The term “x” has always been the term for the unknown or hidden. This letter in our alphabet in used often in our lives such as Project X; the X-Men; the X-Files; and most commonly the variable we use in math equations. Everyone who has had the very fortunate experience of taking algebra has come across variable’s before. Occasionally when we need more than a single variable we will use different letters, but have you ever wondered why we always come to “x” first?
Why x? why not a different letter in the alphabet? So why is it that the letter “x” represents the unknown?”
The Arabian language has existed for over 1000 years and from the Arabs, we get a system they use called al’jebr. Al’jebr roughly translates to “the system for reconciling disparate parts. When this system was introduced to the English language, we took it and now understand it as “algebra”

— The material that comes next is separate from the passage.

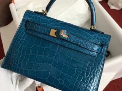 エルメスミニケリーバッグエルメスミニケリー2世代7Wイズミールブルーシャイニークロコダイルレザーゴールドバックル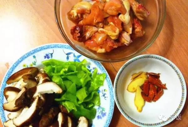 鸡肉(可以专用鸡腿)、青椒、香菇、红辣椒、姜

When the Arabic texts made its way to Spain in the eleventh and twelfth centuries, there was immense curiosity at interpreting the language into one the Europeans can understand. Many problems were met along the way but one of the main ones had to do with translating the mathematical terms the Arabs used to ones that fit in the Spanish pronunciation box. These sounds also usually arent represented by the characters that were accessible in the European language.
For example: this is the letter sheen: it makes a sh sound as if you were shushing someone.

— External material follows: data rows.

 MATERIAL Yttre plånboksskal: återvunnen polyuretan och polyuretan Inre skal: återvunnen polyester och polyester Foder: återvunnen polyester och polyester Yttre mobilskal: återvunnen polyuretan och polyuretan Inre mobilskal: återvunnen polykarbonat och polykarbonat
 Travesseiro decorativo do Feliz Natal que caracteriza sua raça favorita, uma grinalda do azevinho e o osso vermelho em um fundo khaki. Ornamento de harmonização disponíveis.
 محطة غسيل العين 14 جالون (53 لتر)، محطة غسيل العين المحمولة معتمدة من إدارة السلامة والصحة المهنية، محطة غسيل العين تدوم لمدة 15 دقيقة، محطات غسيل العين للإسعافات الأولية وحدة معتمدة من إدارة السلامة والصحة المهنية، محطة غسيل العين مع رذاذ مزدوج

It also happens to be the first letter of the word shayun: شىء. This word means something. Exactly as we use it in English meaning some unknown thing.
In the Arabic language when we want to make the word definite we add the word “al” creating al-shayun which means “the unknown thing”.
This word is used in early Arabic mathematics and needed to be translated into the Spanish language. The only problem was you couldn’t pronounce the sound “sh” in the Spanish language. Instead the medieval scholars tasked with this job took the “ck” sound from the classical Greek language in the form of the letter kai.
Some time later when algebra was translated to Latin, the Greek “Kai” was simply replaced with the Latin “x”. One Algebra had reached Latin translation, it formed the basic language in our mathematical textbooks we use nowadays.
The answer to why “x” is always known as the unknown is because you can’t pronounce “sh” in Spanish.